▸ Items from a dataset
***
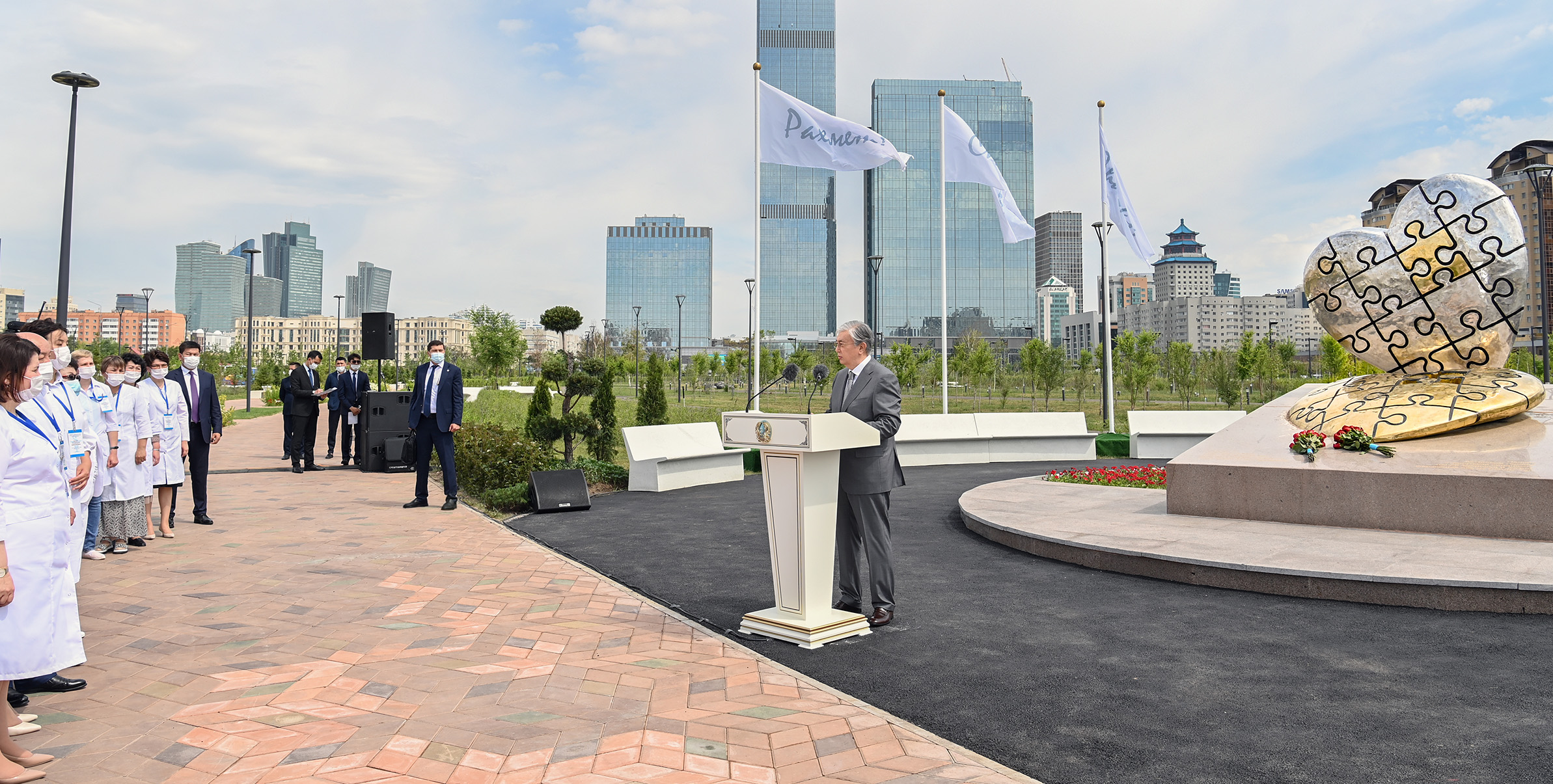 – Бұл – жаһандық дертке қарсы күрескен отандастарымызға деген ел құрметінің белгісі. Сондай-ақ халықтың адал перзенттеріне ыстық ықыласының көрінісі. Ескерткіш ел басына қиындық туған сәтте қаһармандық көрсеткен жандардың рухына тағзым ету орнына айналады, – деді Президент.
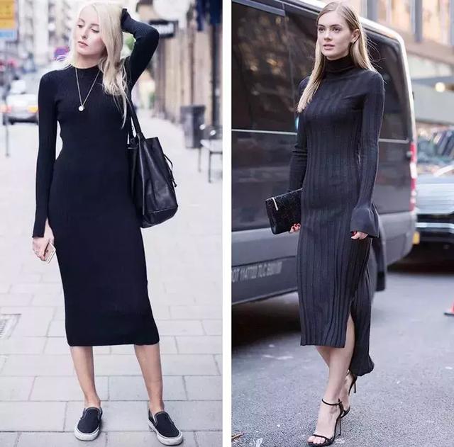 緊身款的針織裙包裹著身材,中長的純黑色,很有顯瘦的效果哦。
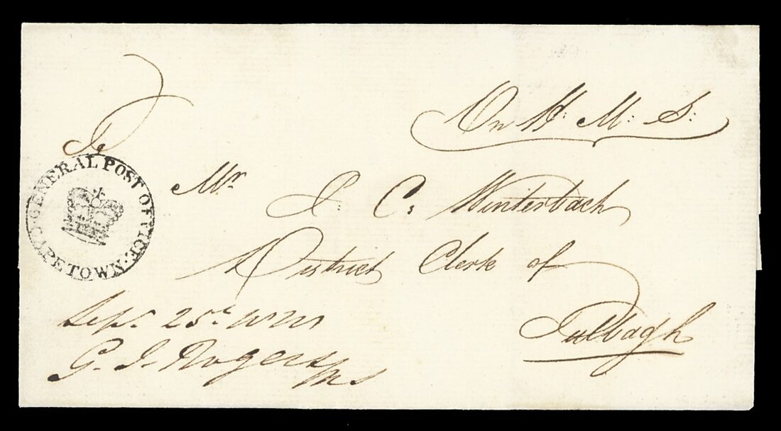 Undated entires (2), one to Cape Town rated "4"(sk.), the other to Tulbagh and headed "On HMS", both showing very fine circular
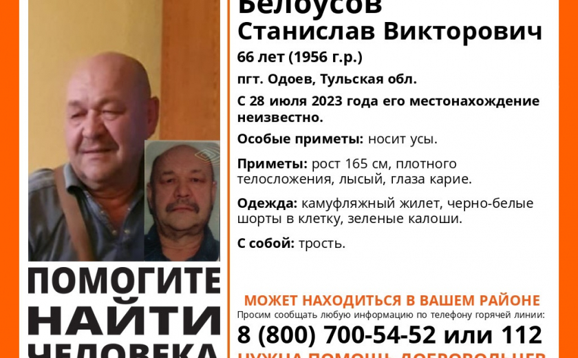Поисковый отряд «ЛизаАлерт» разыскивает 66-летнего Станислава Викторовича Белоусова из Одоева. Местонахождение мужчины неизвестно с 28 июля.
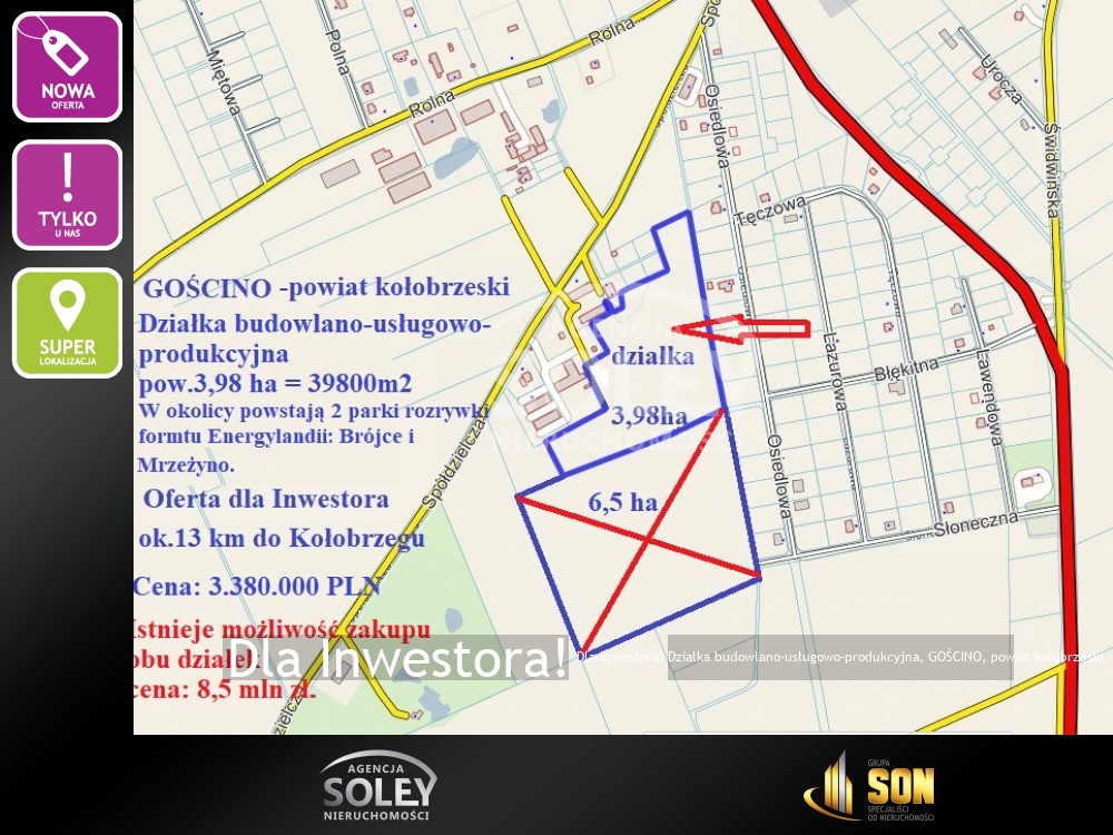 Do sprzedaży atrakcyjna działka budowlano-usługowo-produkcyjna, położona w mieście Gościno, powiat kołobrzeski.
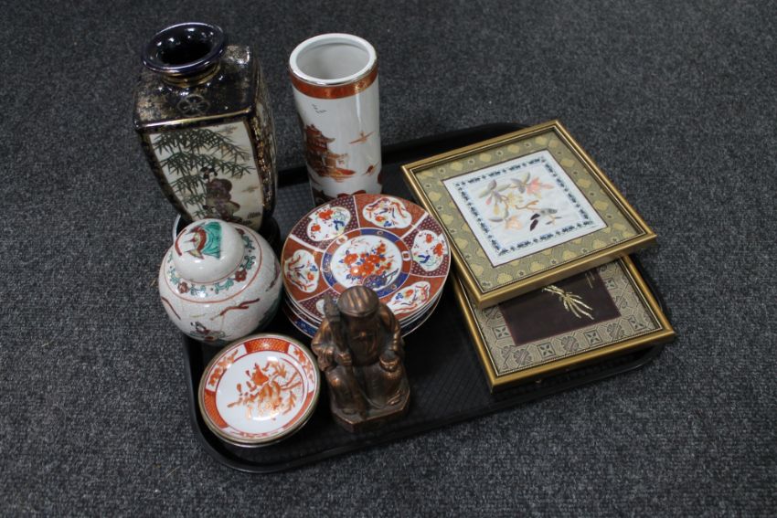 A pair of Chinese silk work plaques, Japanese gilded vase, oriental wares etc
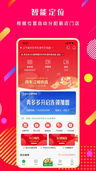 奔多多APP是一款主打O2O新零售门店购物的软件,其将各路线下门店进行数字化,通过手机端便可以随时随地查看门店商品,种类相当丰富,囊括了食品、服装、家居、美妆等应有尽有,满足不同用户的浏览购物需求!且无论是线上还是线下都能通过软件进行快速购物,更加实用!
***
▸ Aim of the task
The job here is to retype the data exactly, with no pictures included.

▸ Exercise answer
 – Бұл – жаһандық дертке қарсы күрескен отандастарымызға деген ел құрметінің белгісі. Сондай-ақ халықтың адал перзенттеріне ыстық ықыласының көрінісі. Ескерткіш ел басына қиындық туған сәтте қаһармандық көрсеткен жандардың рухына тағзым ету орнына айналады, – деді Президент.
 緊身款的針織裙包裹著身材,中長的純黑色,很有顯瘦的效果哦。
 Undated entires (2), one to Cape Town rated "4"(sk.), the other to Tulbagh and headed "On HMS", both showing very fine circular
Поисковый отряд «ЛизаАлерт» разыскивает 66-летнего Станислава Викторовича Белоусова из Одоева. Местонахождение мужчины неизвестно с 28 июля.
 Do sprzedaży atrakcyjna działka budowlano-usługowo-produkcyjna, położona w mieście Gościno, powiat kołobrzeski.
 A pair of Chinese silk work plaques, Japanese gilded vase, oriental wares etc
 奔多多APP是一款主打O2O新零售门店购物的软件,其将各路线下门店进行数字化,通过手机端便可以随时随地查看门店商品,种类相当丰富,囊括了食品、服装、家居、美妆等应有尽有,满足不同用户的浏览购物需求!且无论是线上还是线下都能通过软件进行快速购物,更加实用!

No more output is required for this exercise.